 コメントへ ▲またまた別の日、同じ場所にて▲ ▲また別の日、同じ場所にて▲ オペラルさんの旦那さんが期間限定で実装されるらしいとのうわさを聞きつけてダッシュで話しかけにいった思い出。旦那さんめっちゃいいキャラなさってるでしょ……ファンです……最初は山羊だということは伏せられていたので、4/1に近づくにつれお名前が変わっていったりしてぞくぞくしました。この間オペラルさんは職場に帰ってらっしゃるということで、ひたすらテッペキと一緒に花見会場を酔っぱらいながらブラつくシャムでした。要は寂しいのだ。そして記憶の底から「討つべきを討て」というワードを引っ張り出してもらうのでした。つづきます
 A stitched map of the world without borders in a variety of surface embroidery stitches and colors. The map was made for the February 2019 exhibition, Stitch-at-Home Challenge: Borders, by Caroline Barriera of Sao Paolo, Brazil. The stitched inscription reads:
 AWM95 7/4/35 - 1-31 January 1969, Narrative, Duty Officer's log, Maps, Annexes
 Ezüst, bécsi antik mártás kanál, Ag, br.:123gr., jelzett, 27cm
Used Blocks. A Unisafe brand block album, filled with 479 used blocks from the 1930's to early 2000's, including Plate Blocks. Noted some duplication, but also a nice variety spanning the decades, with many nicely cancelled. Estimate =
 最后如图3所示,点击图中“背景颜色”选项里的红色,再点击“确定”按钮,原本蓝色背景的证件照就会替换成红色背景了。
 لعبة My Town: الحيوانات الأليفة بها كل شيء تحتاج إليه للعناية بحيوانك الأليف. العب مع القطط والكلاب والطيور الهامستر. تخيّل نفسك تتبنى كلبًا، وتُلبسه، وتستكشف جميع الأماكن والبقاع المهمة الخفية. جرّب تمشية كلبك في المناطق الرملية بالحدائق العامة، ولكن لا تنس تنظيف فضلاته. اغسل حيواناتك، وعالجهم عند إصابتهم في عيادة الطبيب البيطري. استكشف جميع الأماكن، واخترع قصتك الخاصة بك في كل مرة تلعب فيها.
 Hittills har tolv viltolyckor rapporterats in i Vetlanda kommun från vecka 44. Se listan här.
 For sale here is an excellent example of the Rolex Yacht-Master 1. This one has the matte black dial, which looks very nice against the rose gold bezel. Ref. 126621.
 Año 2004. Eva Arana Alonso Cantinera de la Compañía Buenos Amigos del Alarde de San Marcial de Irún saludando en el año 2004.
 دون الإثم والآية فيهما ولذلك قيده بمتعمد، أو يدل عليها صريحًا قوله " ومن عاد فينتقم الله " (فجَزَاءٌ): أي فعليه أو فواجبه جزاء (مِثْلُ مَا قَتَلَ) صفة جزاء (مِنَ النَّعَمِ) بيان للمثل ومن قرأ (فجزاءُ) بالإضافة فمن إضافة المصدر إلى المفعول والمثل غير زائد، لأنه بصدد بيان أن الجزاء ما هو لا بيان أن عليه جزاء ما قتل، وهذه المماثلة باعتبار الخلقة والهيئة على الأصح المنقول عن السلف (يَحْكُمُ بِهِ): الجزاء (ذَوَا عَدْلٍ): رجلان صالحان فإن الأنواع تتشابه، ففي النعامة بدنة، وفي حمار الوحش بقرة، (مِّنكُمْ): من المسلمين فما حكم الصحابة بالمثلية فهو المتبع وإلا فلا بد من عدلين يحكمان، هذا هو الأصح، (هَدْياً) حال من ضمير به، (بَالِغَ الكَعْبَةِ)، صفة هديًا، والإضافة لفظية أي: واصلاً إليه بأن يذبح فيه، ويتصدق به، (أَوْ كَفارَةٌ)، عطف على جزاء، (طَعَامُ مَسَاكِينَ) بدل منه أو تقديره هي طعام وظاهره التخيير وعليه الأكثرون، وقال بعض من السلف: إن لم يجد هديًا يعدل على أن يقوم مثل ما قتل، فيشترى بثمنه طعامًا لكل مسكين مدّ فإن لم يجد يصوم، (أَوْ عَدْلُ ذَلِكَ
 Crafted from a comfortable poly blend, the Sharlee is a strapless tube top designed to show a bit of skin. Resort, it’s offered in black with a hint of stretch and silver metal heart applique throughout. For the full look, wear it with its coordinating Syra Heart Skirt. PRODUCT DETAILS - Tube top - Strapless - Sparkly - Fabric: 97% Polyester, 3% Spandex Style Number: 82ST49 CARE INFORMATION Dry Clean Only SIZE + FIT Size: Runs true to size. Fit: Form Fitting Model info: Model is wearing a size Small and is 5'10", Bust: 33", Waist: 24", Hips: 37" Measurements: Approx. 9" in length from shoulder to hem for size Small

> **What you have to do**:
When you answer, repeat each entry exactly as it appears above.

> **Answer box**:
 コメントへ ▲またまた別の日、同じ場所にて▲ ▲また別の日、同じ場所にて▲ オペラルさんの旦那さんが期間限定で実装されるらしいとのうわさを聞きつけてダッシュで話しかけにいった思い出。旦那さんめっちゃいいキャラなさってるでしょ……ファンです……最初は山羊だということは伏せられていたので、4/1に近づくにつれお名前が変わっていったりしてぞくぞくしました。この間オペラルさんは職場に帰ってらっしゃるということで、ひたすらテッペキと一緒に花見会場を酔っぱらいながらブラつくシャムでした。要は寂しいのだ。そして記憶の底から「討つべきを討て」というワードを引っ張り出してもらうのでした。つづきます
 A stitched map of the world without borders in a variety of surface embroidery stitches and colors. The map was made for the February 2019 exhibition, Stitch-at-Home Challenge: Borders, by Caroline Barriera of Sao Paolo, Brazil. The stitched inscription reads:
 AWM95 7/4/35 - 1-31 January 1969, Narrative, Duty Officer's log, Maps, Annexes
 Ezüst, bécsi antik mártás kanál, Ag, br.:123gr., jelzett, 27cm
Used Blocks. A Unisafe brand block album, filled with 479 used blocks from the 1930's to early 2000's, including Plate Blocks. Noted some duplication, but also a nice variety spanning the decades, with many nicely cancelled. Estimate =
 最后如图3所示,点击图中“背景颜色”选项里的红色,再点击“确定”按钮,原本蓝色背景的证件照就会替换成红色背景了。
 لعبة My Town: الحيوانات الأليفة بها كل شيء تحتاج إليه للعناية بحيوانك الأليف. العب مع القطط والكلاب والطيور الهامستر. تخيّل نفسك تتبنى كلبًا، وتُلبسه، وتستكشف جميع الأماكن والبقاع المهمة الخفية. جرّب تمشية كلبك في المناطق الرملية بالحدائق العامة، ولكن لا تنس تنظيف فضلاته. اغسل حيواناتك، وعالجهم عند إصابتهم في عيادة الطبيب البيطري. استكشف جميع الأماكن، واخترع قصتك الخاصة بك في كل مرة تلعب فيها.
 Hittills har tolv viltolyckor rapporterats in i Vetlanda kommun från vecka 44. Se listan här.
 For sale here is an excellent example of the Rolex Yacht-Master 1. This one has the matte black dial, which looks very nice against the rose gold bezel. Ref. 126621.
 Año 2004. Eva Arana Alonso Cantinera de la Compañía Buenos Amigos del Alarde de San Marcial de Irún saludando en el año 2004.
 دون الإثم والآية فيهما ولذلك قيده بمتعمد، أو يدل عليها صريحًا قوله " ومن عاد فينتقم الله " (فجَزَاءٌ): أي فعليه أو فواجبه جزاء (مِثْلُ مَا قَتَلَ) صفة جزاء (مِنَ النَّعَمِ) بيان للمثل ومن قرأ (فجزاءُ) بالإضافة فمن إضافة المصدر إلى المفعول والمثل غير زائد، لأنه بصدد بيان أن الجزاء ما هو لا بيان أن عليه جزاء ما قتل، وهذه المماثلة باعتبار الخلقة والهيئة على الأصح المنقول عن السلف (يَحْكُمُ بِهِ): الجزاء (ذَوَا عَدْلٍ): رجلان صالحان فإن الأنواع تتشابه، ففي النعامة بدنة، وفي حمار الوحش بقرة، (مِّنكُمْ): من المسلمين فما حكم الصحابة بالمثلية فهو المتبع وإلا فلا بد من عدلين يحكمان، هذا هو الأصح، (هَدْياً) حال من ضمير به، (بَالِغَ الكَعْبَةِ)، صفة هديًا، والإضافة لفظية أي: واصلاً إليه بأن يذبح فيه، ويتصدق به، (أَوْ كَفارَةٌ)، عطف على جزاء، (طَعَامُ مَسَاكِينَ) بدل منه أو تقديره هي طعام وظاهره التخيير وعليه الأكثرون، وقال بعض من السلف: إن لم يجد هديًا يعدل على أن يقوم مثل ما قتل، فيشترى بثمنه طعامًا لكل مسكين مدّ فإن لم يجد يصوم، (أَوْ عَدْلُ ذَلِكَ
 Crafted from a comfortable poly blend, the Sharlee is a strapless tube top designed to show a bit of skin. Resort, it’s offered in black with a hint of stretch and silver metal heart applique throughout. For the full look, wear it with its coordinating Syra Heart Skirt. PRODUCT DETAILS - Tube top - Strapless - Sparkly - Fabric: 97% Polyester, 3% Spandex Style Number: 82ST49 CARE INFORMATION Dry Clean Only SIZE + FIT Size: Runs true to size. Fit: Form Fitting Model info: Model is wearing a size Small and is 5'10", Bust: 33", Waist: 24", Hips: 37" Measurements: Approx. 9" in length from shoulder to hem for size Small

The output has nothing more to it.